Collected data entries
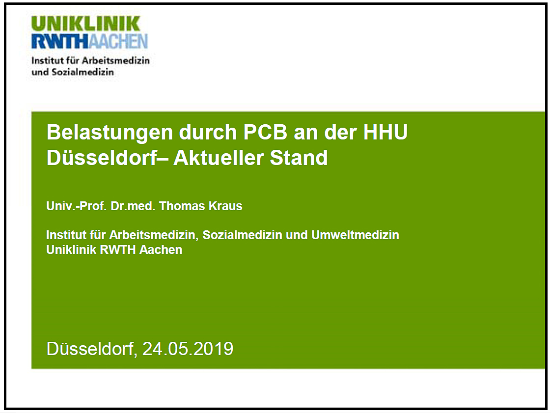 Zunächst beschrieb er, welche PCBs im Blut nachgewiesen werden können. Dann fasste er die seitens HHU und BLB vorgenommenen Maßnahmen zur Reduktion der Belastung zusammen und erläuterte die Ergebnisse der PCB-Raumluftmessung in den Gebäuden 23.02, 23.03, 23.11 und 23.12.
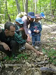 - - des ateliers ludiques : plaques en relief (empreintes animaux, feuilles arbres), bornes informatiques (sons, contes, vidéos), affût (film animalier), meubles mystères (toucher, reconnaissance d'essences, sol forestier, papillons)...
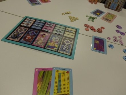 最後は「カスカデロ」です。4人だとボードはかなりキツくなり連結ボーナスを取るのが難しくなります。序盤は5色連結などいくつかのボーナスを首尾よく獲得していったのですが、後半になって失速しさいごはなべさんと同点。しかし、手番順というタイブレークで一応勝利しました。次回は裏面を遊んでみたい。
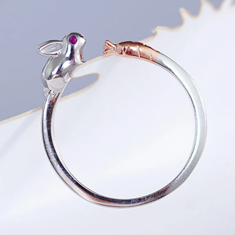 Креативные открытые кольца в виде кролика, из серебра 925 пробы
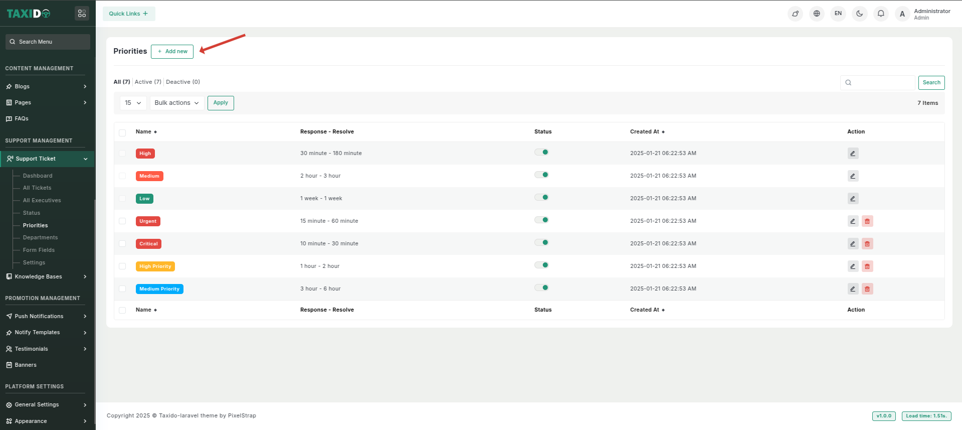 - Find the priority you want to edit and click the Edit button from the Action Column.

> [WHAT IS NEEDED]: Please repeat, exactly and with nothing else, the lines from the one containing "- - des ateliers" to the last line of the entries, both included, excluding any pictures.

> [ANSWER AREA]:
 - - des ateliers ludiques : plaques en relief (empreintes animaux, feuilles arbres), bornes informatiques (sons, contes, vidéos), affût (film animalier), meubles mystères (toucher, reconnaissance d'essences, sol forestier, papillons)...
 最後は「カスカデロ」です。4人だとボードはかなりキツくなり連結ボーナスを取るのが難しくなります。序盤は5色連結などいくつかのボーナスを首尾よく獲得していったのですが、後半になって失速しさいごはなべさんと同点。しかし、手番順というタイブレークで一応勝利しました。次回は裏面を遊んでみたい。
 Креативные открытые кольца в виде кролика, из серебра 925 пробы
 - Find the priority you want to edit and click the Edit button from the Action Column.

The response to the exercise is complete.